Jednym z podopiecznych schroniska jest Choko. To 2,5-letni, mały piesek, znaleziony razem z dwoma innymi przy ulicy Łopuszniańskiej. Prawdopodobnie był postrzelony, ponieważ w jego tylnej łapie znaleziono śrut. Po wyleczeniu czuje się już dobrze i można go adoptować. Jest bardzo przyjaźnie nastawiony zarówno do ludzi, jak i zwierząt.

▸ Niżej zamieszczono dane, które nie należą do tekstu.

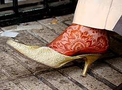 The bride is painted in henna mixed by her mother.[53] The mixture consists of rose water, eggs, cognac, salt, and shadab, believed to be a magical herb that repels evil.[53] The bride changes into a less elaborate outfit and incense is burned while she is painted with henna.[53] Then, another zavfa (procession) occurs as the bride returns to her party.[53]

Justyna Kurek zaznacza, że schronisko wciąż potrzebuje wolontariuszy. Mogą nimi zostać osoby, które skończyły 15 lat, młodsi muszą przychodzić w towarzystwie dorosłego opiekuna. Zgłosić się można bezpośrednio, albo przez Facebook. Przed przystąpieniem do pracy trzeba przejść szkolenie organizowane w placówce. Najbliższe planowane są 8-go i 23-go sierpnia.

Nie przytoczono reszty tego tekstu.